Task item
Scan the data, and whenever a line contains "John", copy it.

Dataset content
++++++++++

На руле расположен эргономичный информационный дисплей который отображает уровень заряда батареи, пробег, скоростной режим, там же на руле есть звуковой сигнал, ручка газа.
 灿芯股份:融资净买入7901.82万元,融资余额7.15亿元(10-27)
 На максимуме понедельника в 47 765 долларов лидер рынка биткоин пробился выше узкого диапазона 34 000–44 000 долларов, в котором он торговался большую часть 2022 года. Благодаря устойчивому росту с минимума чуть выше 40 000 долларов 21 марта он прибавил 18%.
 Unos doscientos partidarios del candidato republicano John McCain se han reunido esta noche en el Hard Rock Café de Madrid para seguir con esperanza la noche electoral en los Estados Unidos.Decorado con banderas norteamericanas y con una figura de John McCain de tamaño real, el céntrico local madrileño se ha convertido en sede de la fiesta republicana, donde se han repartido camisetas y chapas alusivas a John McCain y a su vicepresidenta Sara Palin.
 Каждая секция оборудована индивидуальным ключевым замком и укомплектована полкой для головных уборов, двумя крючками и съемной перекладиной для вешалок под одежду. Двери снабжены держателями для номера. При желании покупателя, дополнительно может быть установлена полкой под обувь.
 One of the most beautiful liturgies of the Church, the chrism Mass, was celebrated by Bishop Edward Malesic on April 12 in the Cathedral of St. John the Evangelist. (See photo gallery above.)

++++++++++

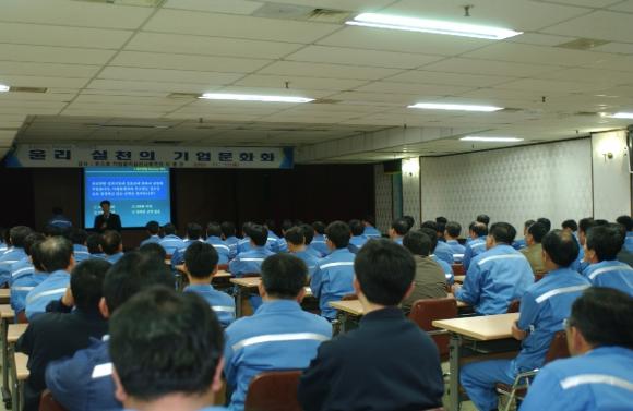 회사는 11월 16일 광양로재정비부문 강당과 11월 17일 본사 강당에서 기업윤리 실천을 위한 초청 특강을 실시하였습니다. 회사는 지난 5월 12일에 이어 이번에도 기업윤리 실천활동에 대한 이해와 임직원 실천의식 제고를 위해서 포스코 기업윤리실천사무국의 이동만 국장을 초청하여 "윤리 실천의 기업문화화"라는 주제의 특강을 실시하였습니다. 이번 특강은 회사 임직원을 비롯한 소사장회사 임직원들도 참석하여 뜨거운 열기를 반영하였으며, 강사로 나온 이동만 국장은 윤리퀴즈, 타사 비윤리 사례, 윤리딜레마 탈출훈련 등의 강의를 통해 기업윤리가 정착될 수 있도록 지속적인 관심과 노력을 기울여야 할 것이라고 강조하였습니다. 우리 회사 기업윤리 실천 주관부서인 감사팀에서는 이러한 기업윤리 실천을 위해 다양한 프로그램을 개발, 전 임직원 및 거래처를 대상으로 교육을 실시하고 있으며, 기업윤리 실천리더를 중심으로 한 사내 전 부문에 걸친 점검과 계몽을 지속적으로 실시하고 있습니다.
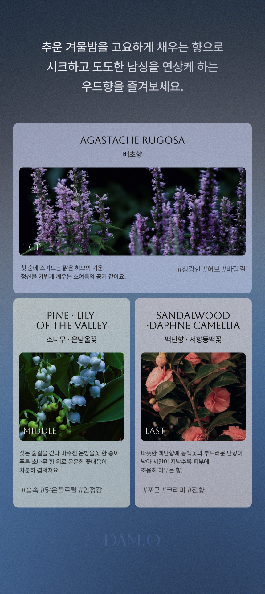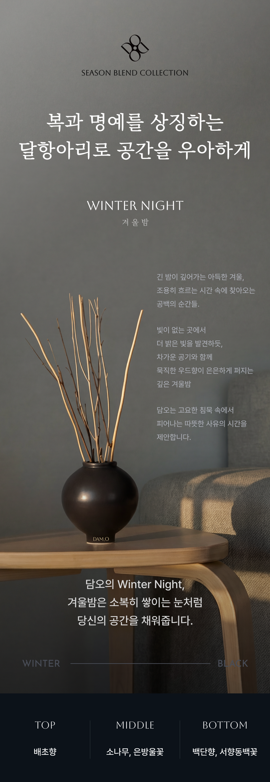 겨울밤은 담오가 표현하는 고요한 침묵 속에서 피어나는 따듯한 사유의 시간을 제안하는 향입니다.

++++++++++

Your solution
 Unos doscientos partidarios del candidato republicano John McCain se han reunido esta noche en el Hard Rock Café de Madrid para seguir con esperanza la noche electoral en los Estados Unidos.Decorado con banderas norteamericanas y con una figura de John McCain de tamaño real, el céntrico local madrileño se ha convertido en sede de la fiesta republicana, donde se han repartido camisetas y chapas alusivas a John McCain y a su vicepresidenta Sara Palin.
 One of the most beautiful liturgies of the Church, the chrism Mass, was celebrated by Bishop Edward Malesic on April 12 in the Cathedral of St. John the Evangelist. (See photo gallery above.)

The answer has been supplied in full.